-- Work instruction --
Retype the lines from the one containing "3年生がストローと洗濯バサミ" through the last line of the entries below, exactly and in full, omitting every image.

___ Source information

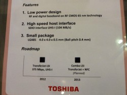 また、現在開発中のLSIや、新LSI搭載SDカードのモックアップ、今後のロードマップの展示も行われた。新型LSIは東芝が開発を進めており、消費電力の低下や通信速度の向上、パッケージの縮小化を実現。2012年度の第3四半期の製品化されるとのこと。さらに同社のロードマップによれば電子決済に対応した新型LSIも2013年に予定されている。
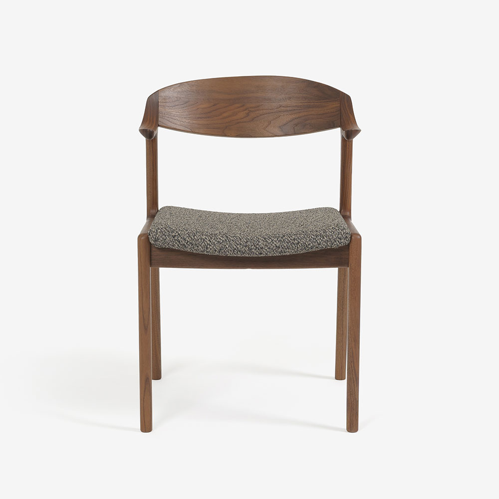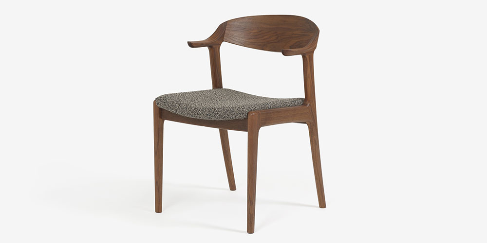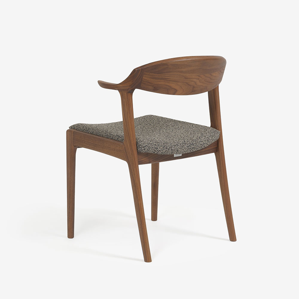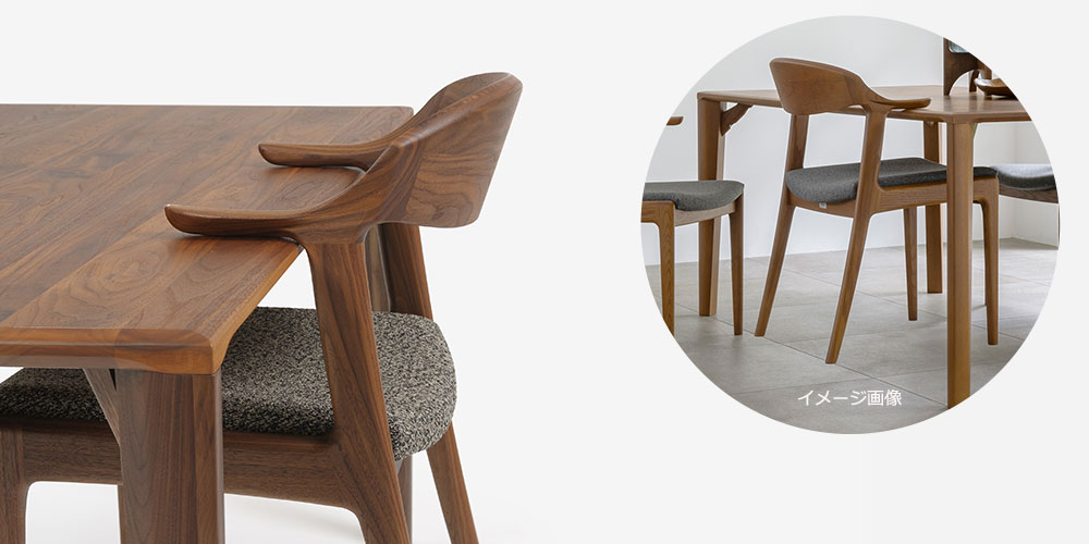 ウォールナット無垢材を使用しており自然な木の風合いをしっかりと感じることができるダイニングチェアです。ホールド感のある背もたれと座り心地、そして機能性を兼ね備えた、優れたチェアとなっています。※天然木を使用しているため、1点ごとに木目や色味は異なります。
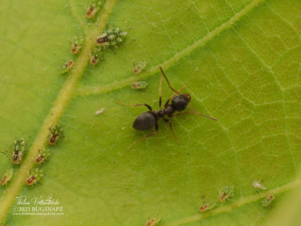 Figure 11. A busy ant, Lasius sp. tends to aphids on a Salix leaf.
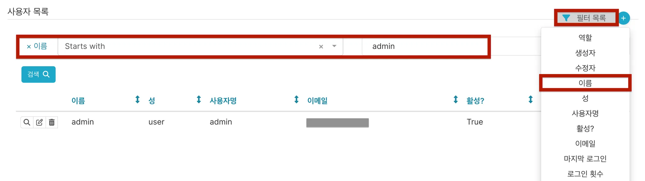 필터 목록에서 조회할 기준을 클릭한 후 조건을 검색하면 사용자를 쉽게 검색할 수 있습니다.
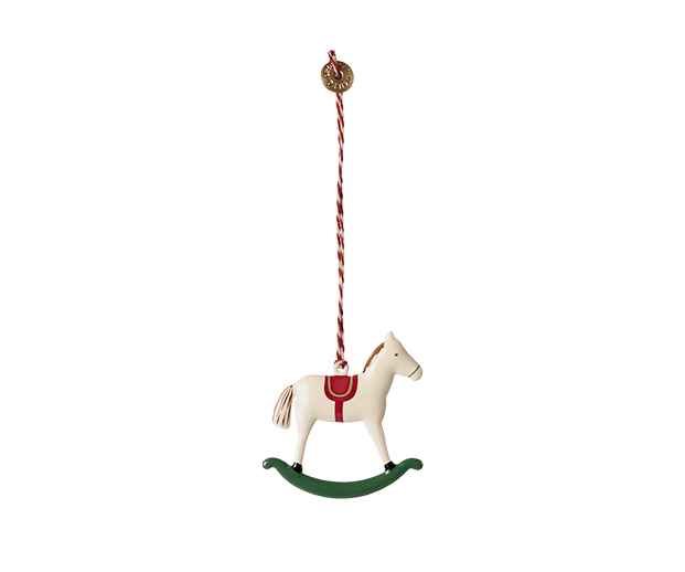 O enfeite de metal Rocking Horse da Maileg é um ornamento natalício pintado à mão em metal, com cordão para pendurar. Com aproximadamente 6 × 6 cm e acabamento artesanal detalhado, é ideal para pendurar na árvore de Natal, em galhos decorativos ou como peça de coleção. Uma adição encantadora para decoração de inverno com o charme singular da marca Maileg. (Marca Maileg)
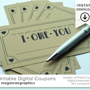 Printable Digital i OWE You Coupon for Birthdays Valentines Day
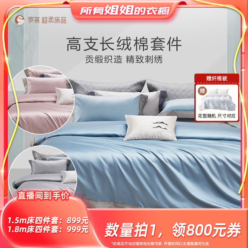 罗莱家纺60支贡缎四件套全棉纯棉床单被套被罩床笠三件套床上用品
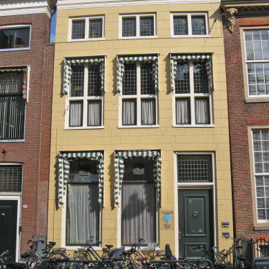 Eenvoudig woonhuis met volledige eerste verdieping, en lage zolderverdieping. Gevel gepleisterd en afgesloten door forse kroonlijst.
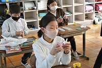 3年生がストローと洗濯バサミを使ってゴム鉄砲を作っていました。ストローをテープでつけたり切ったり曲げたりと順に作っていくとゴム鉄砲になるそうです。うまく作れるかな?
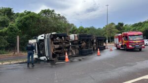 Caminhão com carga de carne tomba em rotatória no Parque dos Poderes em Campo Grande
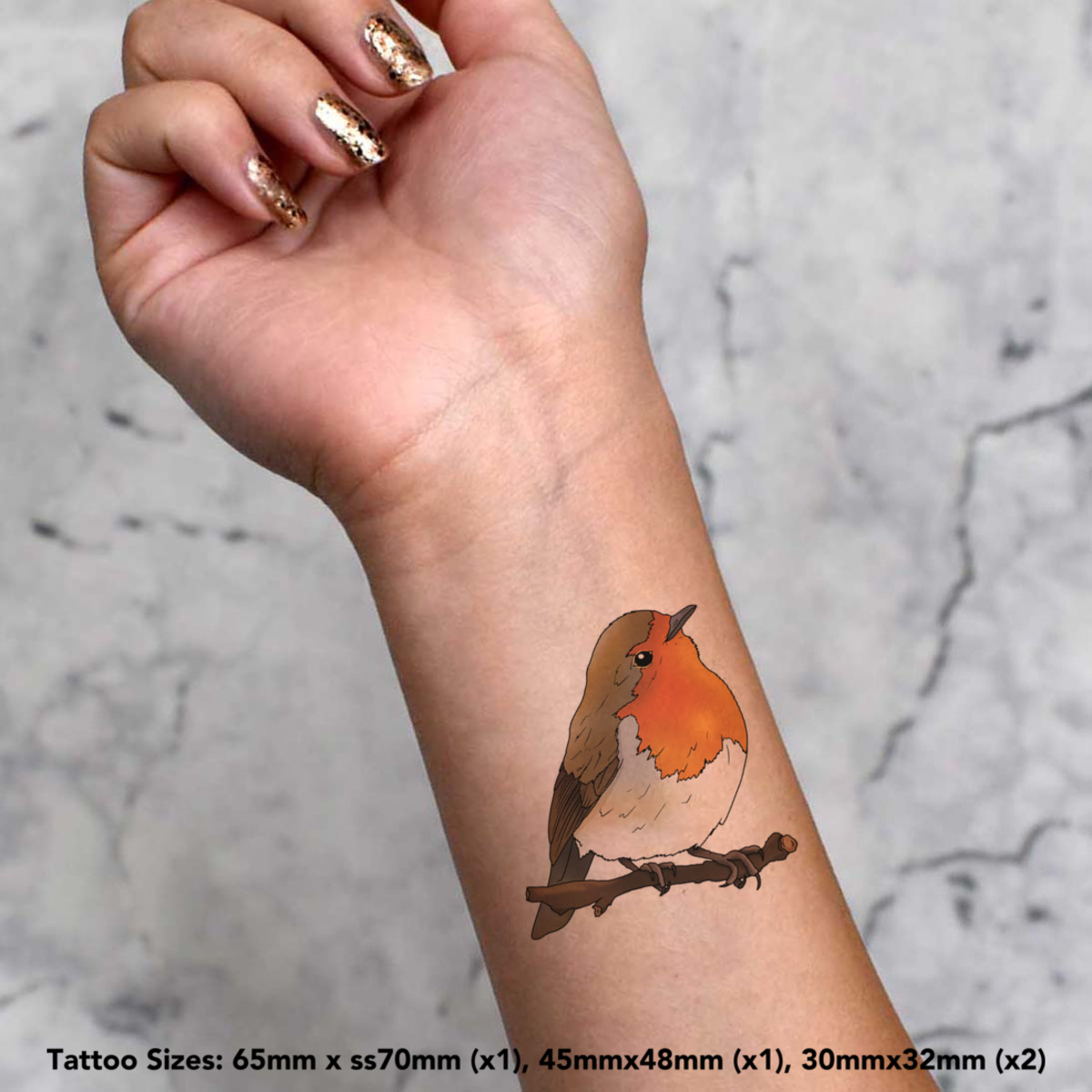 'Perched Robin Bird' Temporary Tattoos - Water Resistant, Skin-Safe, Non-Toxic Transfers (TO054543)

______

-- Solution for this exercise --
 3年生がストローと洗濯バサミを使ってゴム鉄砲を作っていました。ストローをテープでつけたり切ったり曲げたりと順に作っていくとゴム鉄砲になるそうです。うまく作れるかな?
 Caminhão com carga de carne tomba em rotatória no Parque dos Poderes em Campo Grande
 'Perched Robin Bird' Temporary Tattoos - Water Resistant, Skin-Safe, Non-Toxic Transfers (TO054543)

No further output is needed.